2019-07-03 07:29:57 +0000 [info]: spawn command to main:  cmdline=["/opt/td-agent/embedded/bin/ruby", "-Eascii-8bit:ascii-8bit", "/usr/sbin/td-agent", "-c", "/etc/td-agent/td-agent.conf", "--under-supervisor"]
2019-07-03 07:29:58 +0000 [info]: gem 'fluent-plugin-elasticsearch' version '3.5.1'
2019-07-03 07:29:58 +0000 [info]: gem 'fluent-plugin-kafka' version '0.9.4'
2019-07-03 07:29:58 +0000 [info]: gem 'fluent-plugin-prometheus' version '1.4.0'
2019-07-03 07:29:58 +0000 [info]: gem 'fluent-plugin-prometheus' version '1.0.1'
2019-07-03 07:29:58 +0000 [info]: gem 'fluent-plugin-record-modifier' version '2.0.1'
2019-07-03 07:29:58 +0000 [info]: gem 'fluent-plugin-rewrite-tag-filter' version '2.2.0'
2019-07-03 07:29:58 +0000 [info]: gem 'fluent-plugin-s3' version '1.1.10'
2019-07-03 07:29:58 +0000 [info]: gem 'fluent-plugin-secure-forward' version '0.4.5'
2019-07-03 07:29:58 +0000 [info]: gem 'fluent-plugin-td' version '1.0.0'
2019-07-03 07:29:58 +0000 [info]: gem 'fluent-plugin-td-monitoring' version '0.2.4'
2019-07-03 07:29:58 +0000 [info]: gem 'fluent-plugin-webhdfs' version '1.2.3'
2019-07-03 07:29:58 +0000 [info]: gem 'fluentd' version '1.4.2'
2019-07-03 07:29:58 +0000 [info]: adding filter pattern="nginx.access" type="prometheus"

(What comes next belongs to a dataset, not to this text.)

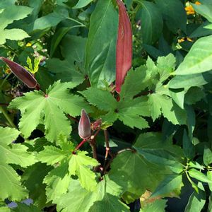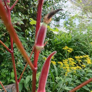 今日の庭から 赤オクラ、もうすぐ収穫かな😉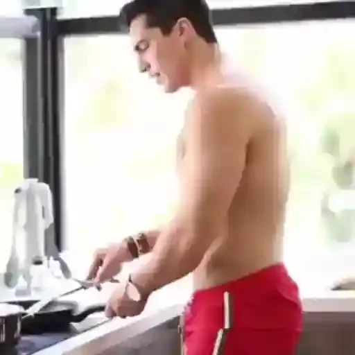 Hombre sin camisa, con shorts rojos, preparando comida en la cocina.

2019-07-03 07:29:58 +0000 [info]: adding match pattern="nginx.access" type="copy"
2019-07-03 07:29:58 +0000 [info]: adding filter pattern="nginx.error" type="prometheus"

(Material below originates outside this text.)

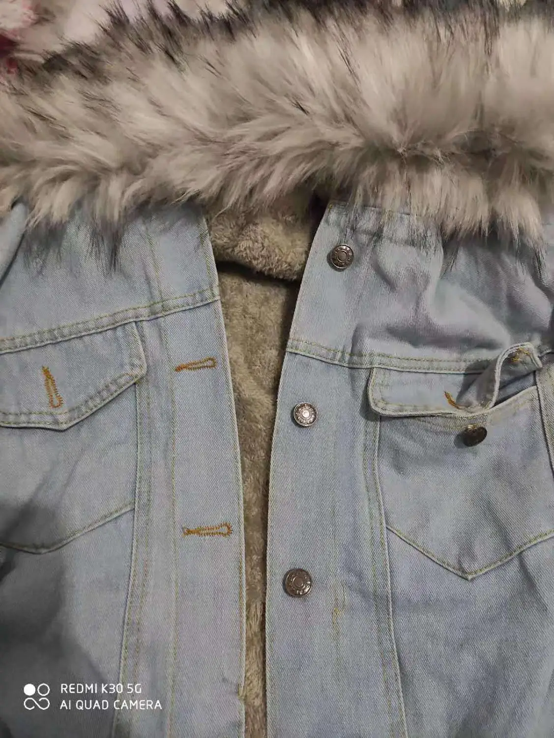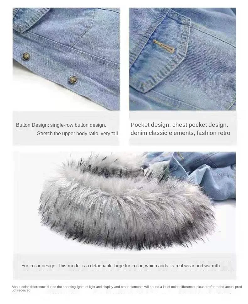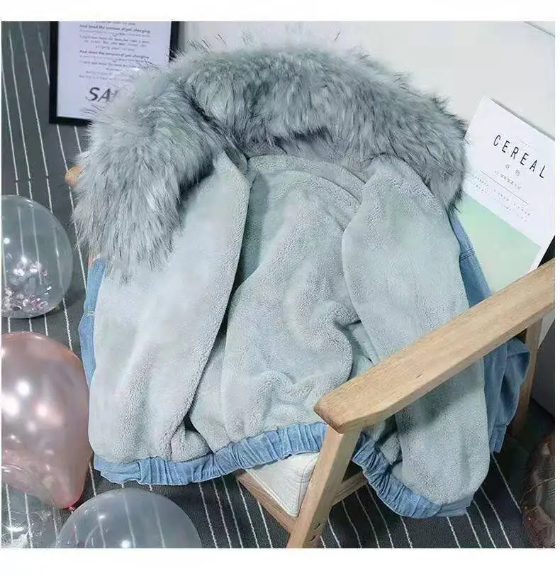 Куртка женская джинсовая, осенне-зимняя, теплая, пушистая, с меховы...

2019-07-03 07:29:58 +0000 [info]: adding match pattern="nginx.error" type="copy"
2019-07-03 07:29:58 +0000 [info]: adding source type="forward"
2019-07-03 07:29:58 +0000 [info]: adding source type="prometheus"
2019-07-03 07:29:58 +0000 [info]: #0 starting fluentd worker pid=10601 ppid=10594 worker=0
2019-07-03 07:29:58 +0000 [info]: #0 listening port port=24224 bind="0.0.0.0"
2019-07-03 07:29:58 +0000 [info]: #0 fluentd worker is now running worker=0

If all configs works fine and no errors, after some time in localhost:24321/metrics should add created metrics:

# TYPE nginx_access_records_total counter
# HELP nginx_access_records_total The total number of incoming access
nginx_access_records_total{tag="nginx.access",hostname="ubuntu"} 236.0
# TYPE nginx_error_records_total counter
# HELP nginx_error_records_total The total number of incoming errors
nginx_error_records_total{tag="nginx.error",hostname="ubuntu"} 42.0

After that, this metric could ne added to alert rules in Prometheus.